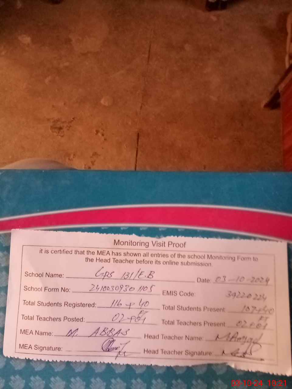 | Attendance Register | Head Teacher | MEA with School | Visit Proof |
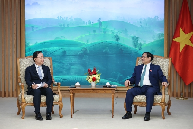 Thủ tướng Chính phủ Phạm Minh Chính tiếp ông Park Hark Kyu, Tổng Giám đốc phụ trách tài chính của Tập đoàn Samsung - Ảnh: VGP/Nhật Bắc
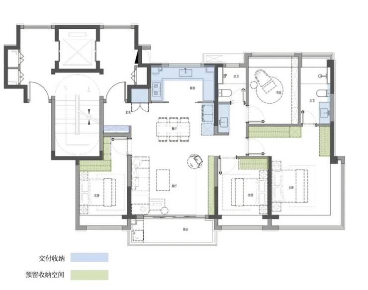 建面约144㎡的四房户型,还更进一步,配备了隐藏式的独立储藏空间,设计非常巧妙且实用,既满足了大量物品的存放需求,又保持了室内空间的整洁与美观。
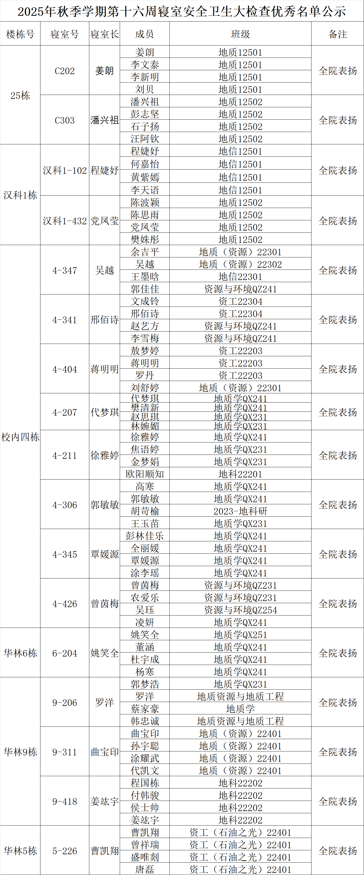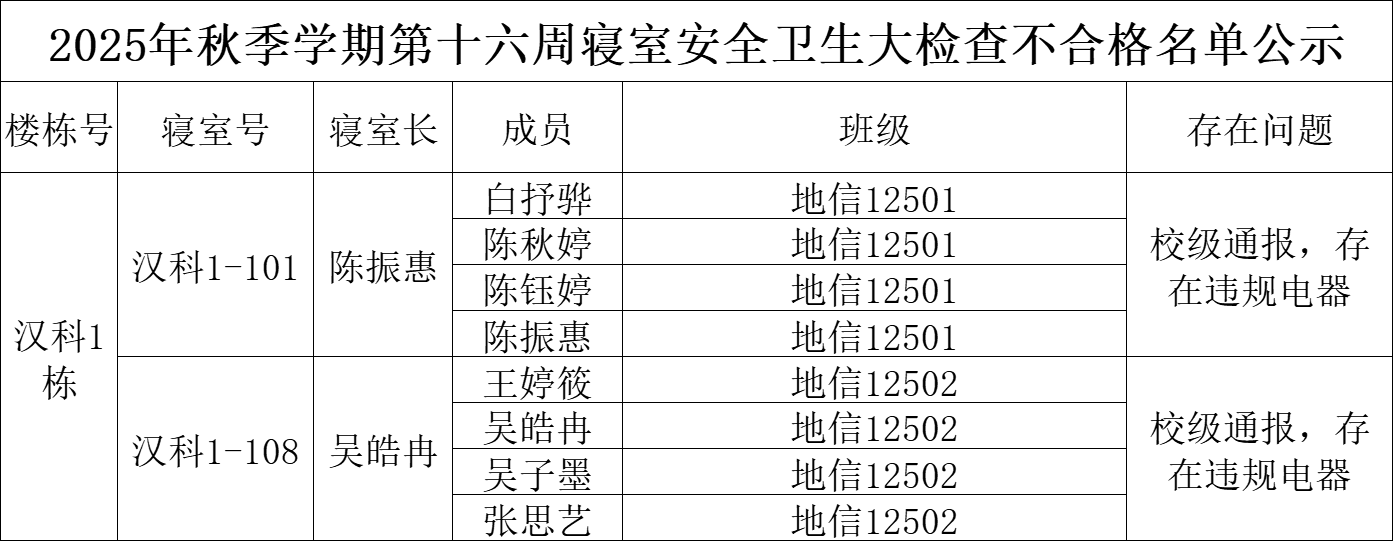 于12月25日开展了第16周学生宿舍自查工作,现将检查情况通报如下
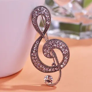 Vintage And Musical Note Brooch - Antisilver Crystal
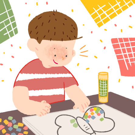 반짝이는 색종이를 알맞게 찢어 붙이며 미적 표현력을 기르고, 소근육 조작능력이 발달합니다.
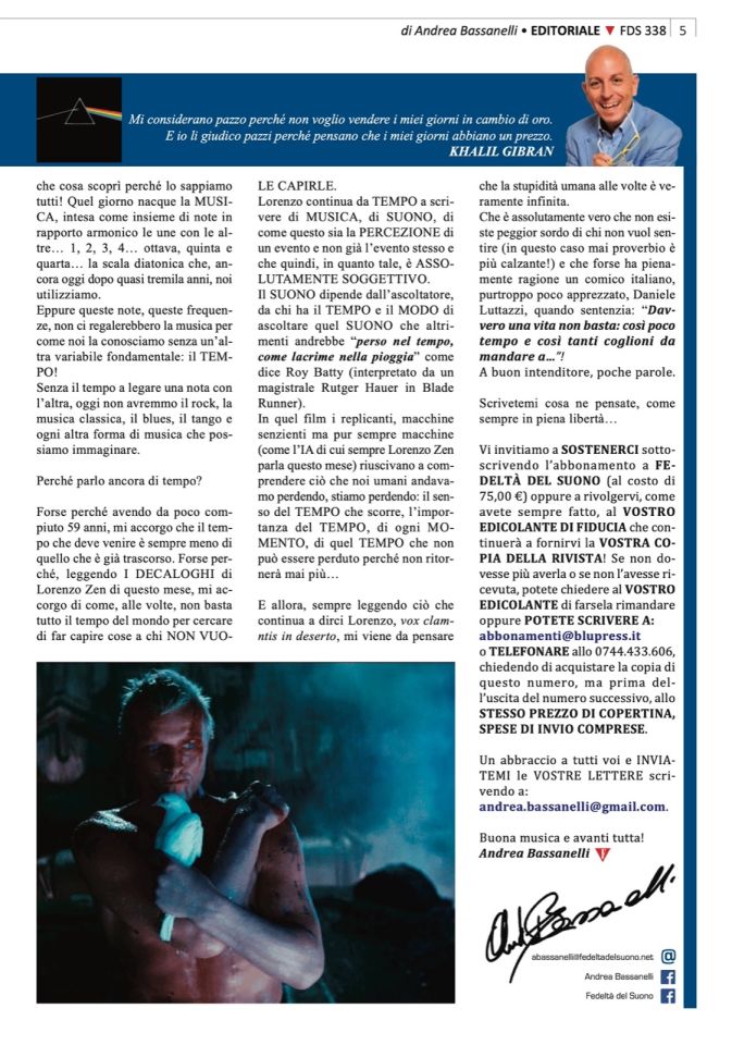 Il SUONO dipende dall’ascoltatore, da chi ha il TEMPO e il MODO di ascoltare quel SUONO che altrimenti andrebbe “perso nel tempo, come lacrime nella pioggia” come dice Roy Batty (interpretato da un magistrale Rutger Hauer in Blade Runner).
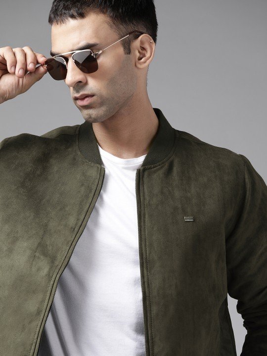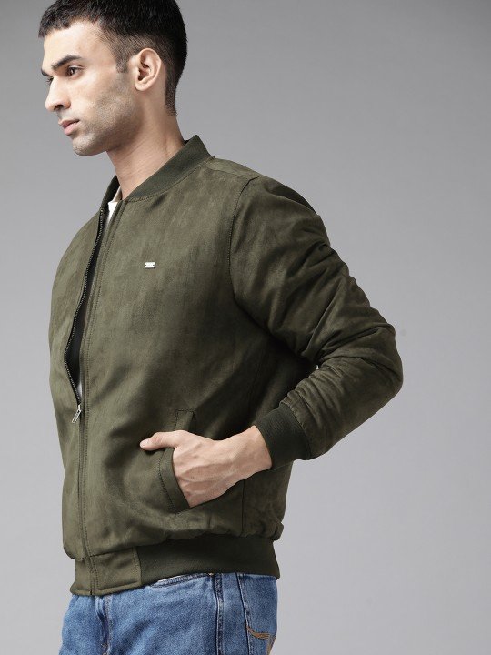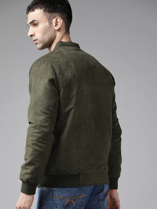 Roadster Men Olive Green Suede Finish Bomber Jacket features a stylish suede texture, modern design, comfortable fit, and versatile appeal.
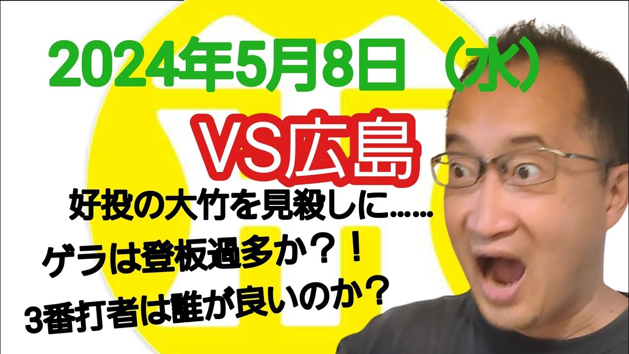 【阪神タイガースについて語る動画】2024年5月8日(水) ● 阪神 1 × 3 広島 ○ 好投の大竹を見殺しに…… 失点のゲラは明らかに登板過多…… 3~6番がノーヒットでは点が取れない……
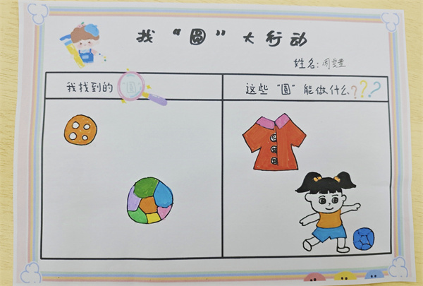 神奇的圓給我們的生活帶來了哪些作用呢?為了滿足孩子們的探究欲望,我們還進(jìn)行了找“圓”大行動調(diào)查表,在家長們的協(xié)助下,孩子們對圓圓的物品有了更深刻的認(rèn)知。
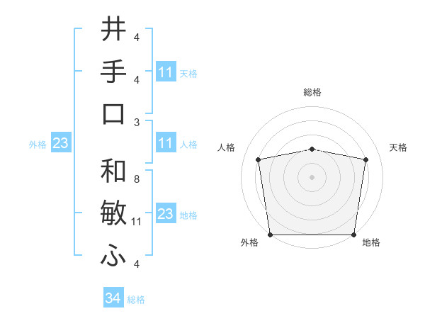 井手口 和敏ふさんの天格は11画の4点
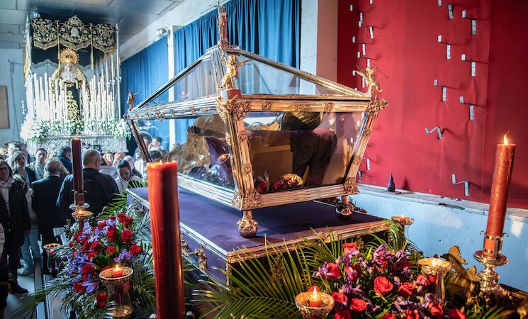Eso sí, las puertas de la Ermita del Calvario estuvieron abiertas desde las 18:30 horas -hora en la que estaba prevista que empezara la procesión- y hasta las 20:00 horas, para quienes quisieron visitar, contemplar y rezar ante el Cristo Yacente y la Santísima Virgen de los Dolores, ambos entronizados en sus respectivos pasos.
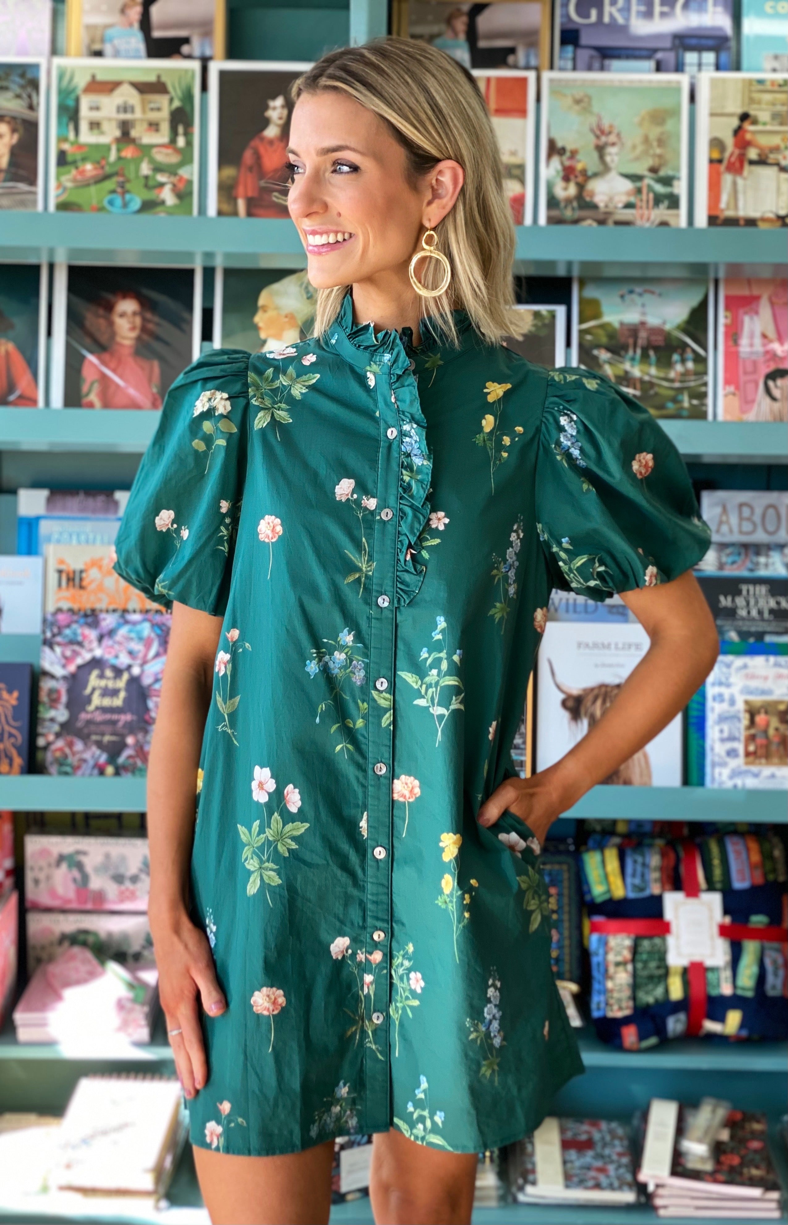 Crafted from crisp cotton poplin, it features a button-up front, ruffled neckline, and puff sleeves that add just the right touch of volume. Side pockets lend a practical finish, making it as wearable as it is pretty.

####################

Exercise – Beginning at the line above that contains "建面约144㎡的四房户型,还", repeat each line exactly through the one that contains "Il SUONO dipende", and leave out the pictures.

Solution to this task –
 建面约144㎡的四房户型,还更进一步,配备了隐藏式的独立储藏空间,设计非常巧妙且实用,既满足了大量物品的存放需求,又保持了室内空间的整洁与美观。
 于12月25日开展了第16周学生宿舍自查工作,现将检查情况通报如下
 Vintage And Musical Note Brooch - Antisilver Crystal
 반짝이는 색종이를 알맞게 찢어 붙이며 미적 표현력을 기르고, 소근육 조작능력이 발달합니다.
 Il SUONO dipende dall’ascoltatore, da chi ha il TEMPO e il MODO di ascoltare quel SUONO che altrimenti andrebbe “perso nel tempo, come lacrime nella pioggia” come dice Roy Batty (interpretato da un magistrale Rutger Hauer in Blade Runner).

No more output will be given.